**TASK PROMPT**
Required from the data below: the exact lines starting at the line containing "鮮魚売場の珍味コーナーと青果" and ending at the line containing "キッチンストッカー 幅30cm 5段", with both ends kept and all pictures dropped.

[Data extracted from a collection]
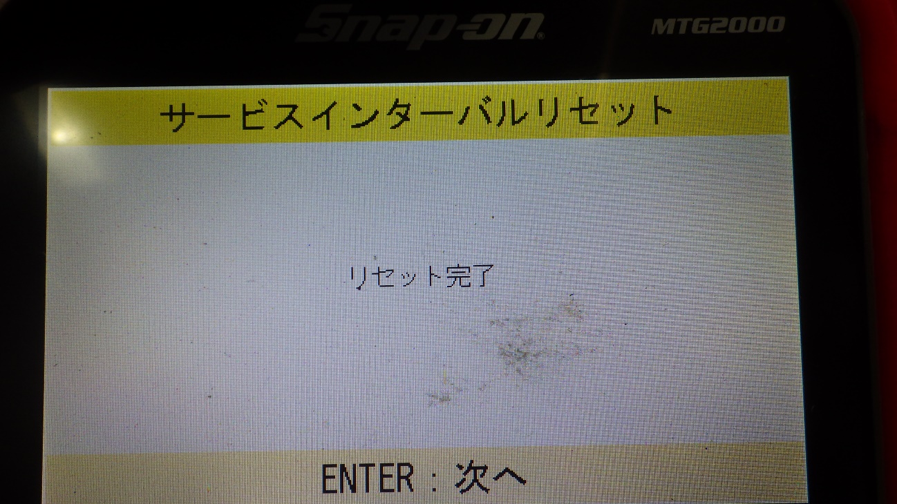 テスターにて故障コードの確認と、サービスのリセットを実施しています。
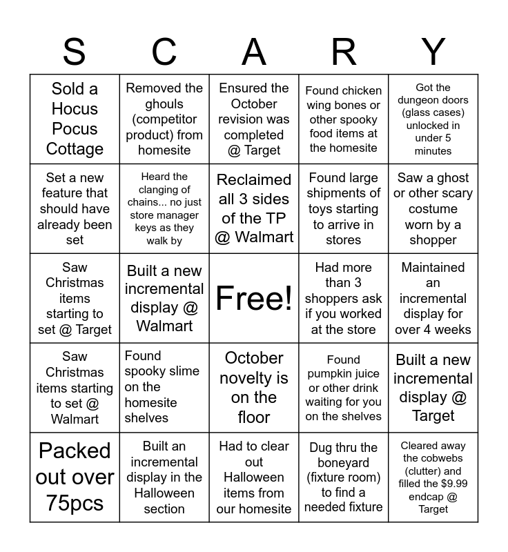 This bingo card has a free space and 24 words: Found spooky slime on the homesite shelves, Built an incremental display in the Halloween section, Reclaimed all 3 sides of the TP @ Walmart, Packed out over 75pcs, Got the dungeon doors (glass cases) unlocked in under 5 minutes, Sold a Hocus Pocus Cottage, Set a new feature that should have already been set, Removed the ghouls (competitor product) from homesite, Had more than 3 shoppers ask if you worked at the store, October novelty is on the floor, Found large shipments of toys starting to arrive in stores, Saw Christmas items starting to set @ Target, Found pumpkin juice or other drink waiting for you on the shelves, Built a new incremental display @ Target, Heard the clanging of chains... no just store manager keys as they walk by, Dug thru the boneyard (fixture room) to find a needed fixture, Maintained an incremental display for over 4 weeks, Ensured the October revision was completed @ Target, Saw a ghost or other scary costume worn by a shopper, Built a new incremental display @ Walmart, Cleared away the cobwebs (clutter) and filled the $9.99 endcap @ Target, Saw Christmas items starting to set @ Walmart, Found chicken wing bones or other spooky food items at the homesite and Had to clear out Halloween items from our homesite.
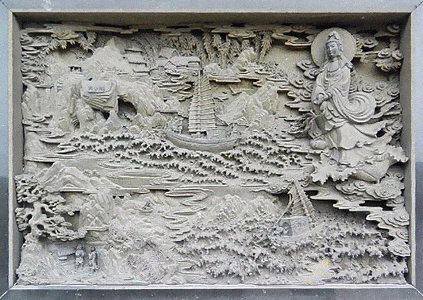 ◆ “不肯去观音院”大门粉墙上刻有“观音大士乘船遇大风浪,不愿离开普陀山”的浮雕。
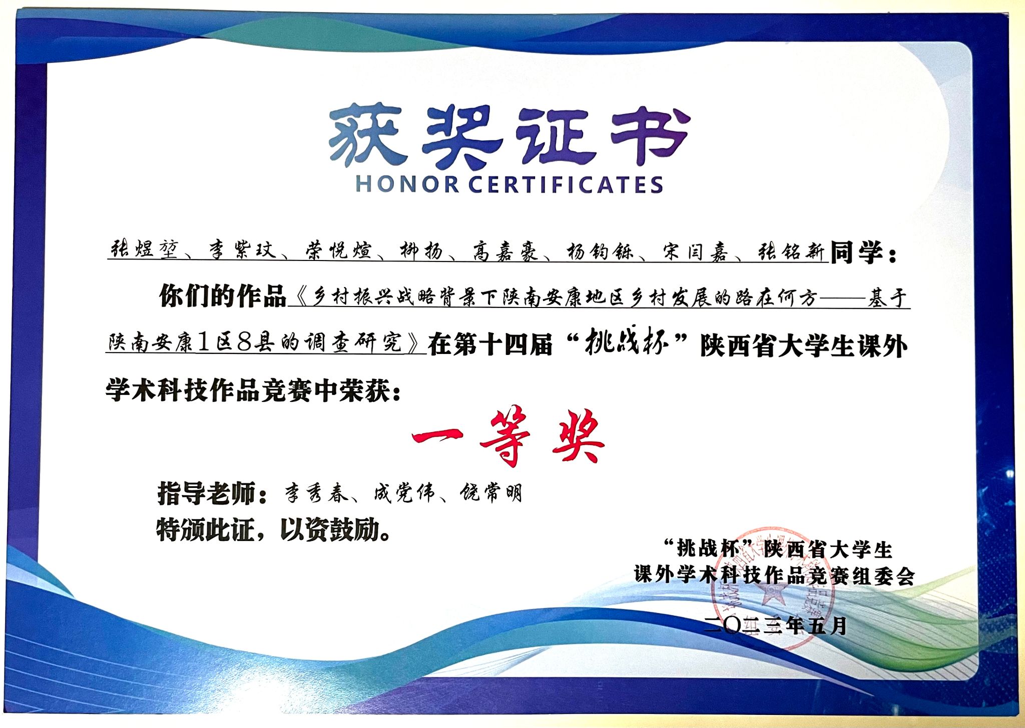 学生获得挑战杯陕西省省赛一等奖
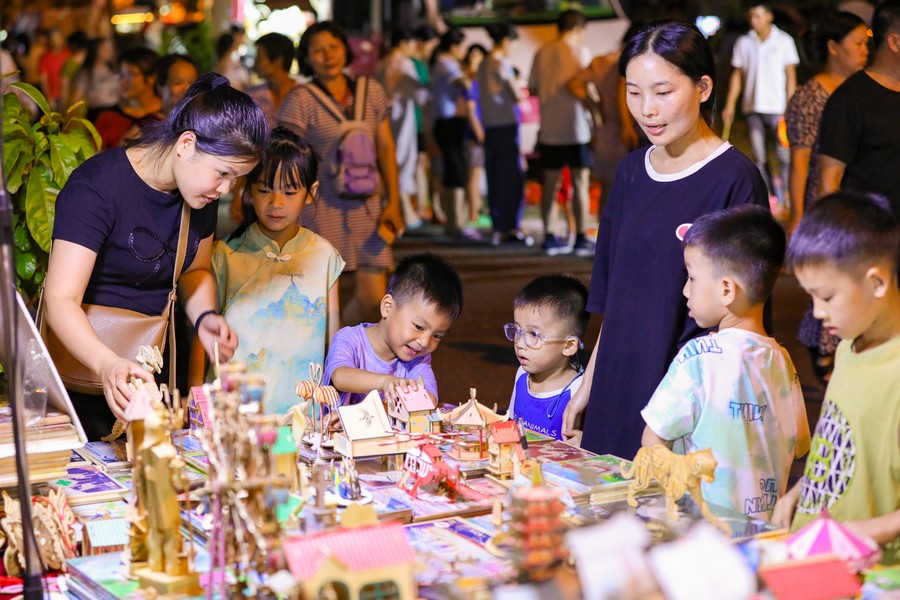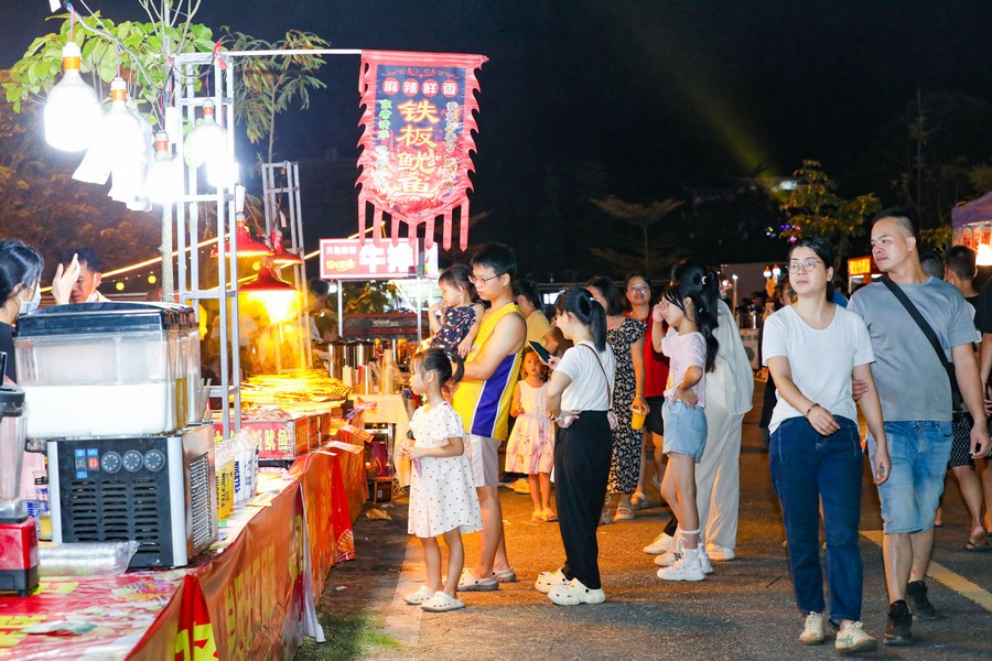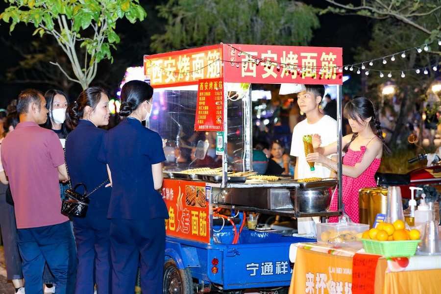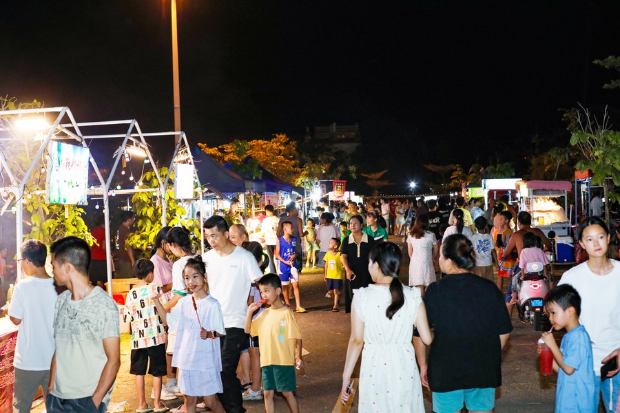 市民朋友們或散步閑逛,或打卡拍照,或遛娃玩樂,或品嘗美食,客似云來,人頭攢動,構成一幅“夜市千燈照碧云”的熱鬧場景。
---
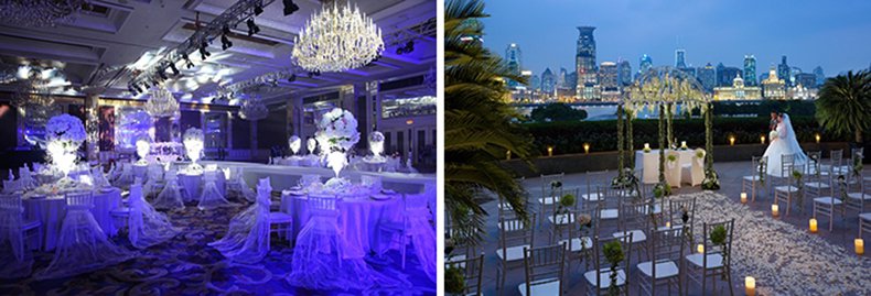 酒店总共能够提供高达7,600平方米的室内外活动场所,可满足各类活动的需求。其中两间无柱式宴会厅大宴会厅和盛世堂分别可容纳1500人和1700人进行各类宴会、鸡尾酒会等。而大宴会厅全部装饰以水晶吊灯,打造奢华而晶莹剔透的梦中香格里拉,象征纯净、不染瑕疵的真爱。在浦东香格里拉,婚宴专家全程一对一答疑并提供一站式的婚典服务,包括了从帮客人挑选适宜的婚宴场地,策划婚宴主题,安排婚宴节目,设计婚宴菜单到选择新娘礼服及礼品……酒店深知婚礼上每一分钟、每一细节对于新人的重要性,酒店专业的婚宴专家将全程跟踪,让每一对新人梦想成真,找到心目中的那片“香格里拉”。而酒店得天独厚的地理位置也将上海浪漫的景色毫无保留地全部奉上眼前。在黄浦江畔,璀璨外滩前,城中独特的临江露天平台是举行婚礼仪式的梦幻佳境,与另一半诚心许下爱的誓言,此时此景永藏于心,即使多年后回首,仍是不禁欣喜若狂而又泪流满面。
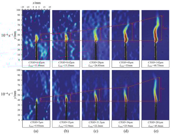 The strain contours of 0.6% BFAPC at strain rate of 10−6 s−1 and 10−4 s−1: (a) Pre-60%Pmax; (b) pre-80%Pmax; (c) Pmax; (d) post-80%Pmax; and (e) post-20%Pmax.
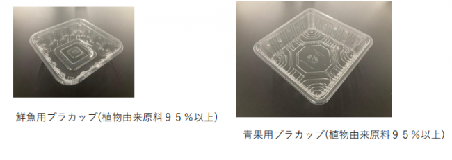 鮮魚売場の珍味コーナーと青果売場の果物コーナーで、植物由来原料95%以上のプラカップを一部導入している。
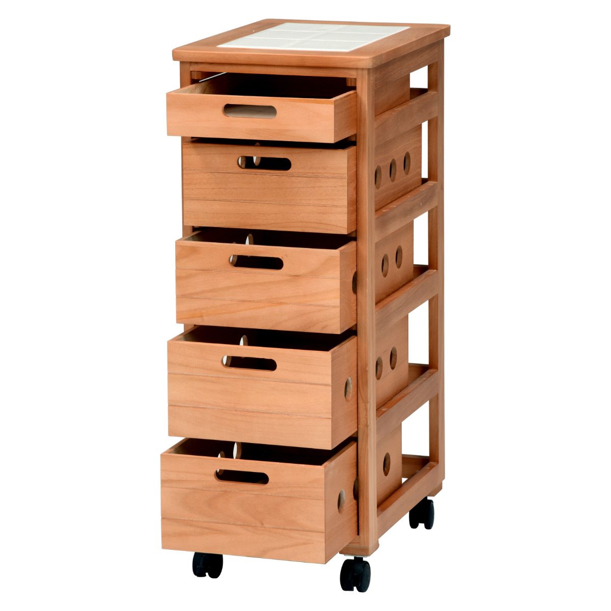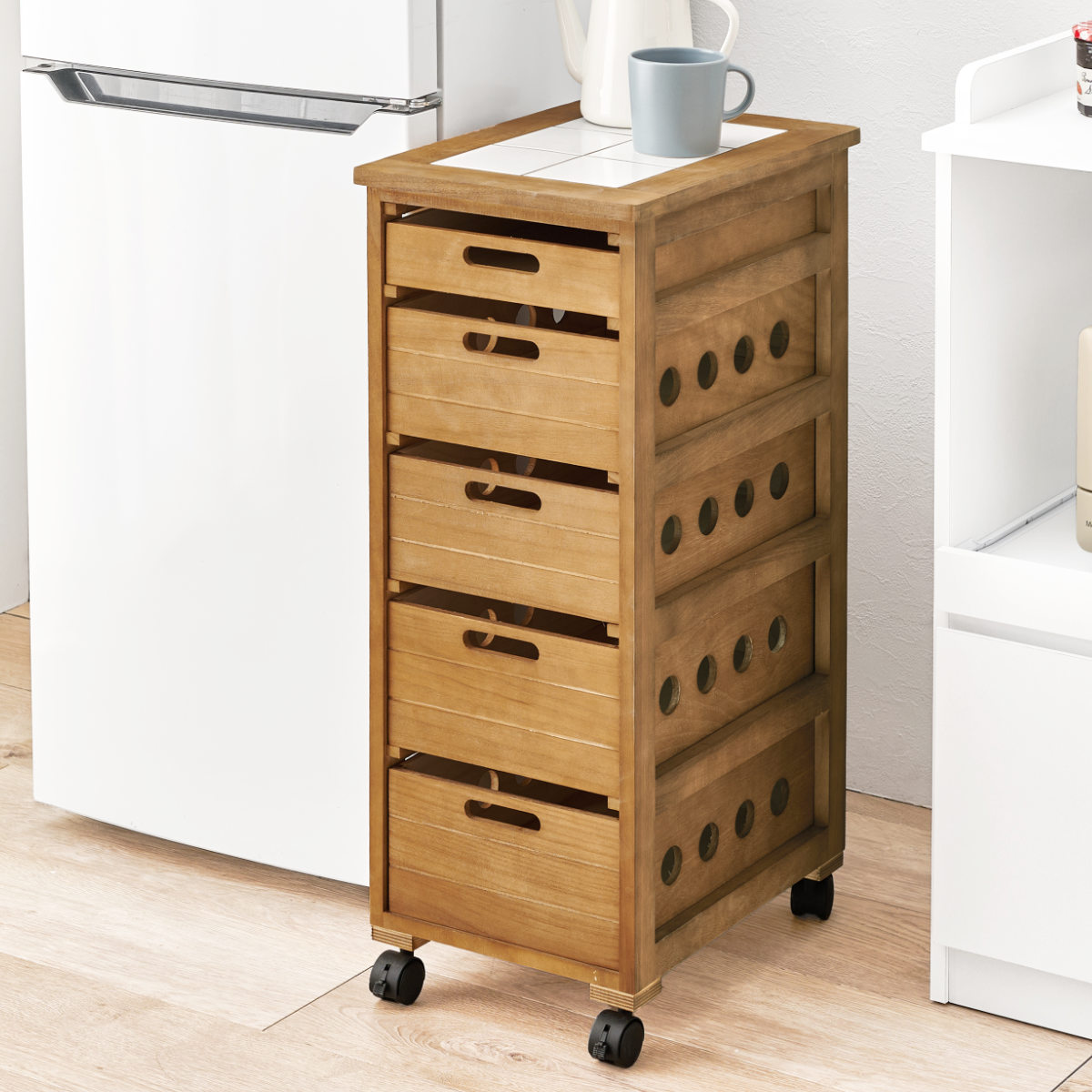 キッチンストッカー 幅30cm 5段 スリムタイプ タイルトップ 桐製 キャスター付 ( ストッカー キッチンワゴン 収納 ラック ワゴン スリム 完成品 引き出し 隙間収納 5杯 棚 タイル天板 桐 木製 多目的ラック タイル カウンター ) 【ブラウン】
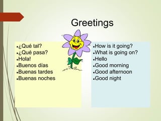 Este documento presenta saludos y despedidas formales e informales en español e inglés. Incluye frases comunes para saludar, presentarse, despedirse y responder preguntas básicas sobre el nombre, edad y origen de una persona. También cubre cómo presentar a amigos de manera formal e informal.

**EXERCISE RESULT**
 鮮魚売場の珍味コーナーと青果売場の果物コーナーで、植物由来原料95%以上のプラカップを一部導入している。
 キッチンストッカー 幅30cm 5段 スリムタイプ タイルトップ 桐製 キャスター付 ( ストッカー キッチンワゴン 収納 ラック ワゴン スリム 完成品 引き出し 隙間収納 5杯 棚 タイル天板 桐 木製 多目的ラック タイル カウンター ) 【ブラウン】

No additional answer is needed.